With pictures left out, retype exactly the lines from the one containing "Ημερών Πολιτιστικής Κληρονομιάς" through the final line of the entries.

--- AVAILABLE DATA Enclosed Below ---

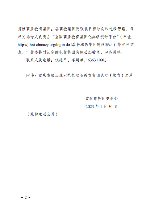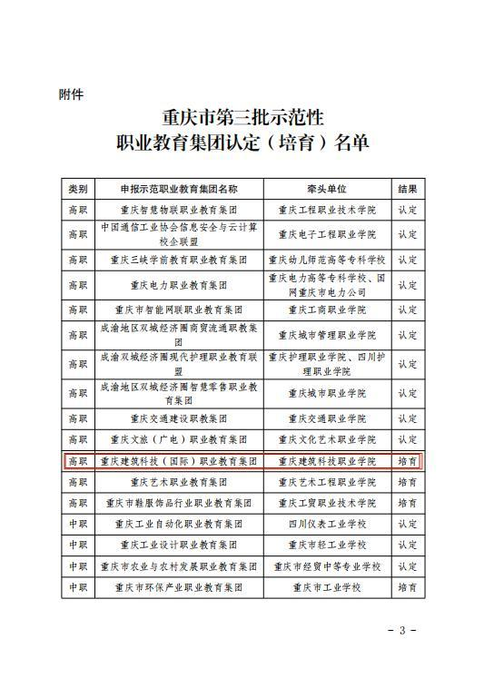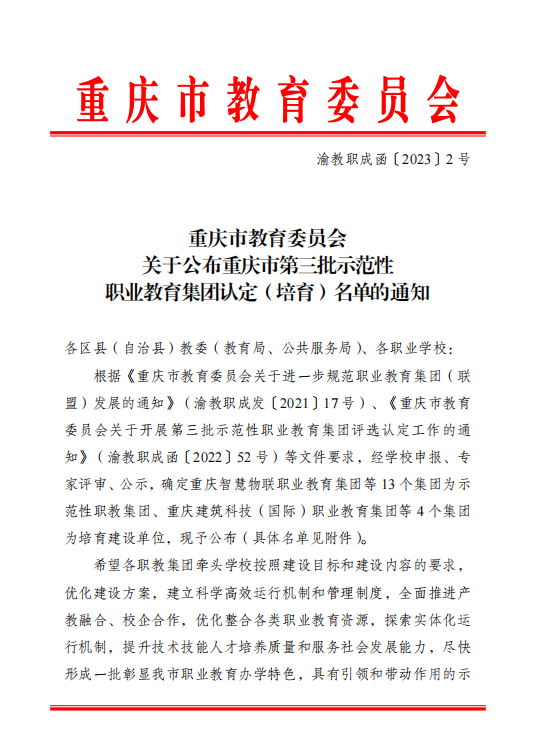 近日,重庆市教育委员会公布了重庆市第三批示范性职业教育集团认定(培育)名单,由beat365、重庆交通大学等单位共同发起组建的“重庆建筑科技(国际)职业教育集团”被认定为“重庆市第三批示范性职业教育集团(培育)”。
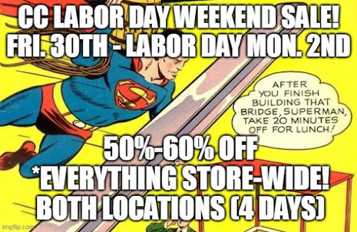 CC LABOR DAY WEEKEND SALE! 50%-60% OFF *EVERYTHING! (8/30-9/2) OPEN REGULAR HOURS - LABOR DAY! *50%-60% Off *EVERYTHING, Store-wide!
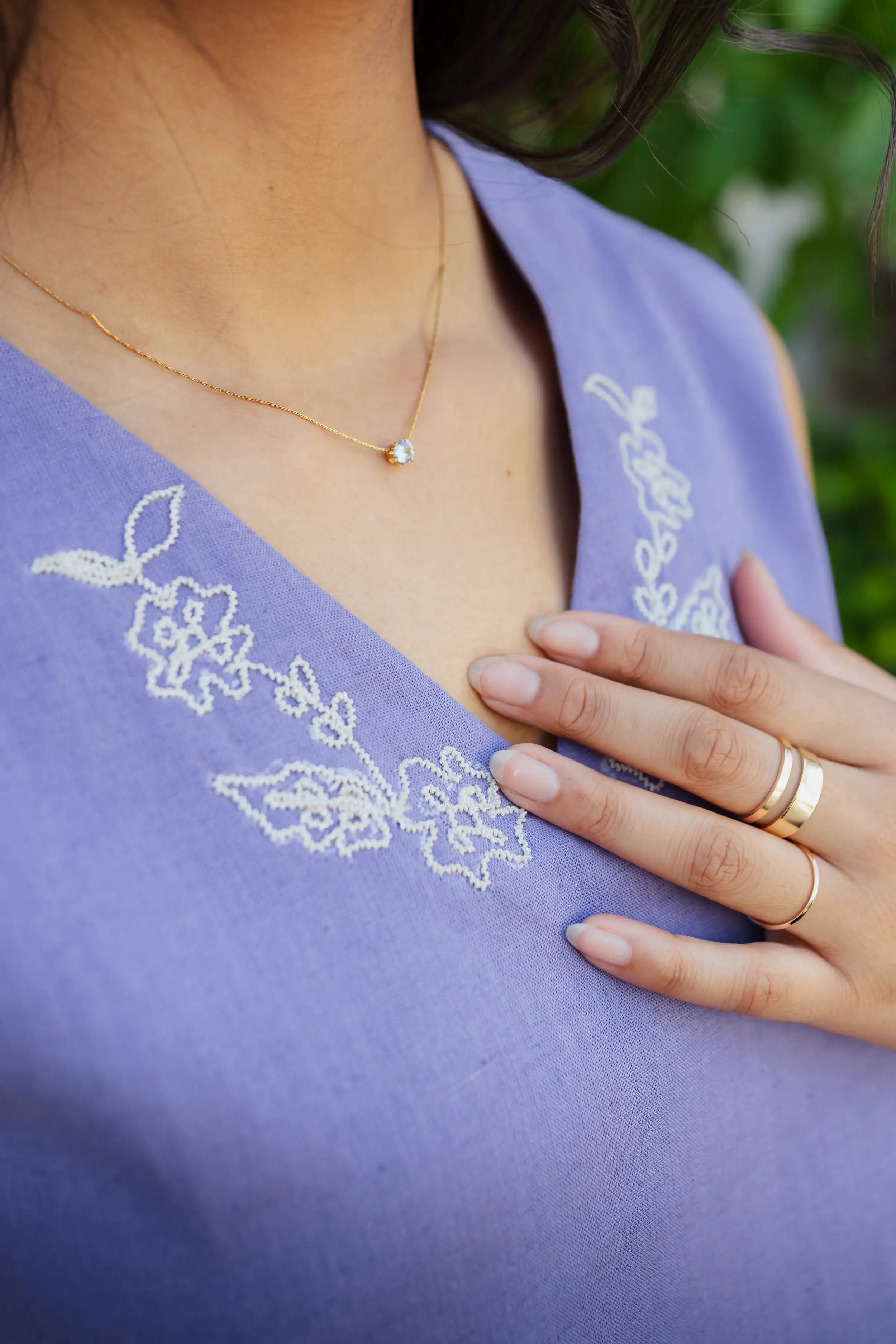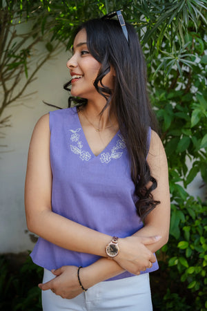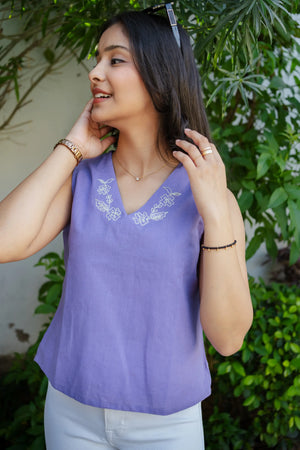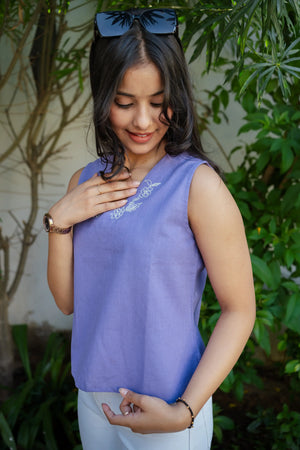 The soothing lavender shade creates a fresh and feminine look, while the subtle floral embroidery along the V-neckline adds refined sophistication. Its sleeveless design makes it perfect for warm weather, layering, or creating light and breezy outfits. The relaxed silhouette ensures all-day comfort while maintaining a flattering fit.
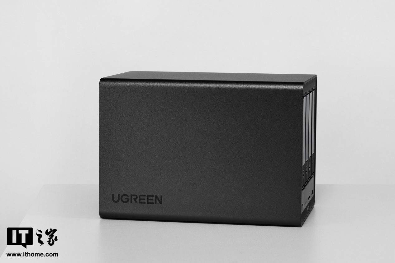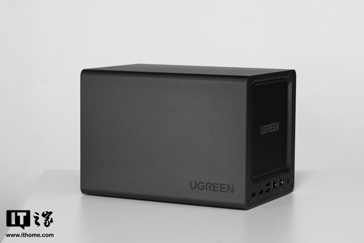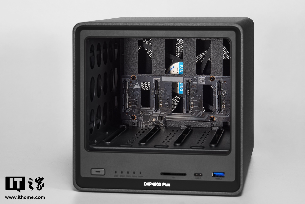 背面是风扇进风口,DXP4800Plus 采用单风扇后进前出设计,机身侧面没有多余的开孔。值得一提的是,CPU 还有单独的风扇增强散热,配置确实很可以了。
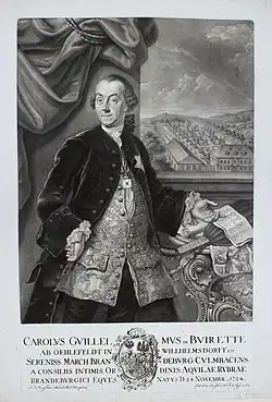Der markgräflich ansbach-bayreuthische Geheime Rat und königlich preußische Minister am Fränkischen Kreis, Karl Wilhelm, Freiherr Buirette von Oehlefeld (1724–1782), Herr auf Rittergut Wilhelmsdorf, vermachte der Universität in seinem Testament eine Stiftung von über 20.000 Gulden. Da die Vereinbarungen dazu schon vorher mit dem Markgrafen getroffen wurden, verlieh dieser Buirette dafür den erwünschten hohen Orden, das Großkreuz des Roten Adlerordens.[29]
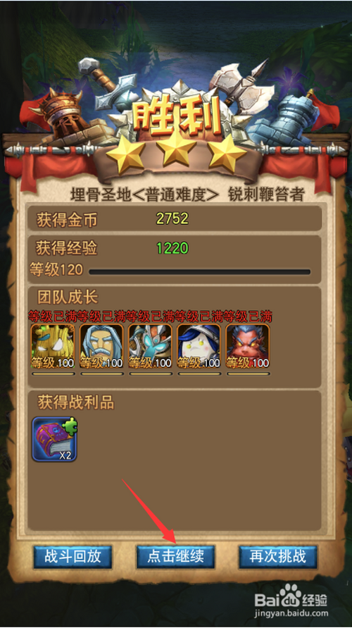 本关卡奖励1220点经验,点击下方点击继续按钮分开副本。
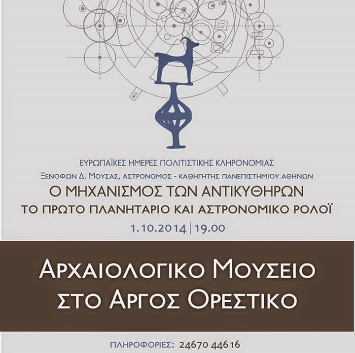 Ημερών Πολιτιστικής Κληρονομιάς 2014, προσκαλούν μαθητές και ενήλικες να γνωρίσουν την εξέλιξη της Επιστήμης της Αστροφυσικής … στην Εποχή των Αρχαίων Ορεστών … με επίκεντρο το ΜΗΧΑΝΙΣΜΟ ΤΩΝ ΑΝΤΙΚΥΘΗΡΩΝ
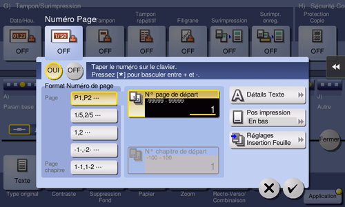 Appuyez sur [OUI], réglez les valeurs pour [Format Numéro de page] et [N° page de départ], puis appuyez sur [OK].

--- End of Enclosed AVAILABLE DATA ---

**OUTPUT**
 Ημερών Πολιτιστικής Κληρονομιάς 2014, προσκαλούν μαθητές και ενήλικες να γνωρίσουν την εξέλιξη της Επιστήμης της Αστροφυσικής … στην Εποχή των Αρχαίων Ορεστών … με επίκεντρο το ΜΗΧΑΝΙΣΜΟ ΤΩΝ ΑΝΤΙΚΥΘΗΡΩΝ
 Appuyez sur [OUI], réglez les valeurs pour [Format Numéro de page] et [N° page de départ], puis appuyez sur [OK].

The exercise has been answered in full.